## Dataset content
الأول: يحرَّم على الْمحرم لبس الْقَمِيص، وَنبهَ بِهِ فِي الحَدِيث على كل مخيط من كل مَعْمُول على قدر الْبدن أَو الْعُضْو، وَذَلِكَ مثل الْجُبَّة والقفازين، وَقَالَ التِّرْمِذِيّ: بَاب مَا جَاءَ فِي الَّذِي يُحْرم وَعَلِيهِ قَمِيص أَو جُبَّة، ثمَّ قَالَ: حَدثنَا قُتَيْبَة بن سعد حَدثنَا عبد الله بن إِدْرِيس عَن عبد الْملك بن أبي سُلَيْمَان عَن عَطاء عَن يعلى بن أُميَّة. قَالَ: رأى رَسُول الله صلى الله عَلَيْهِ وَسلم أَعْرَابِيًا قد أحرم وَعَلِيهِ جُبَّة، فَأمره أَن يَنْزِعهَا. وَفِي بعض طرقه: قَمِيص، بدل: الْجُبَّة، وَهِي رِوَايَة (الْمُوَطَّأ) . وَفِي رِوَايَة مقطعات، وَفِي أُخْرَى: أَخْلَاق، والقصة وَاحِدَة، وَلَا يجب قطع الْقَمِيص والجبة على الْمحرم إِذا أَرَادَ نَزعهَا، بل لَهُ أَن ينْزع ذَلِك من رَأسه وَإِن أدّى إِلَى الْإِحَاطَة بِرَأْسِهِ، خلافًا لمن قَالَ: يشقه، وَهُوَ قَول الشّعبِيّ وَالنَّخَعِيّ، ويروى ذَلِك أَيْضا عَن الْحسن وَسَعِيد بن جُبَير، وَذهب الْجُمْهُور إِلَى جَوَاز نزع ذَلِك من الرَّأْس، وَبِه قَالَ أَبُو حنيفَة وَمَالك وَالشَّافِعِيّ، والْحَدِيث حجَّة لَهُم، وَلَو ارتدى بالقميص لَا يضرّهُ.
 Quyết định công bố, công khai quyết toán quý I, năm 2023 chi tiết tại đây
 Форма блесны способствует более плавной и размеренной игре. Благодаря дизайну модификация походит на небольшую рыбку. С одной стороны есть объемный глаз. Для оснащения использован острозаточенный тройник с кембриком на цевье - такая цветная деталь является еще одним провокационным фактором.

## Exercise prompt
Please transcribe the listing in full. Keep each line exact.

## Answer box
الأول: يحرَّم على الْمحرم لبس الْقَمِيص، وَنبهَ بِهِ فِي الحَدِيث على كل مخيط من كل مَعْمُول على قدر الْبدن أَو الْعُضْو، وَذَلِكَ مثل الْجُبَّة والقفازين، وَقَالَ التِّرْمِذِيّ: بَاب مَا جَاءَ فِي الَّذِي يُحْرم وَعَلِيهِ قَمِيص أَو جُبَّة، ثمَّ قَالَ: حَدثنَا قُتَيْبَة بن سعد حَدثنَا عبد الله بن إِدْرِيس عَن عبد الْملك بن أبي سُلَيْمَان عَن عَطاء عَن يعلى بن أُميَّة. قَالَ: رأى رَسُول الله صلى الله عَلَيْهِ وَسلم أَعْرَابِيًا قد أحرم وَعَلِيهِ جُبَّة، فَأمره أَن يَنْزِعهَا. وَفِي بعض طرقه: قَمِيص، بدل: الْجُبَّة، وَهِي رِوَايَة (الْمُوَطَّأ) . وَفِي رِوَايَة مقطعات، وَفِي أُخْرَى: أَخْلَاق، والقصة وَاحِدَة، وَلَا يجب قطع الْقَمِيص والجبة على الْمحرم إِذا أَرَادَ نَزعهَا، بل لَهُ أَن ينْزع ذَلِك من رَأسه وَإِن أدّى إِلَى الْإِحَاطَة بِرَأْسِهِ، خلافًا لمن قَالَ: يشقه، وَهُوَ قَول الشّعبِيّ وَالنَّخَعِيّ، ويروى ذَلِك أَيْضا عَن الْحسن وَسَعِيد بن جُبَير، وَذهب الْجُمْهُور إِلَى جَوَاز نزع ذَلِك من الرَّأْس، وَبِه قَالَ أَبُو حنيفَة وَمَالك وَالشَّافِعِيّ، والْحَدِيث حجَّة لَهُم، وَلَو ارتدى بالقميص لَا يضرّهُ.
 Quyết định công bố, công khai quyết toán quý I, năm 2023 chi tiết tại đây
 Форма блесны способствует более плавной и размеренной игре. Благодаря дизайну модификация походит на небольшую рыбку. С одной стороны есть объемный глаз. Для оснащения использован острозаточенный тройник с кембриком на цевье - такая цветная деталь является еще одним провокационным фактором.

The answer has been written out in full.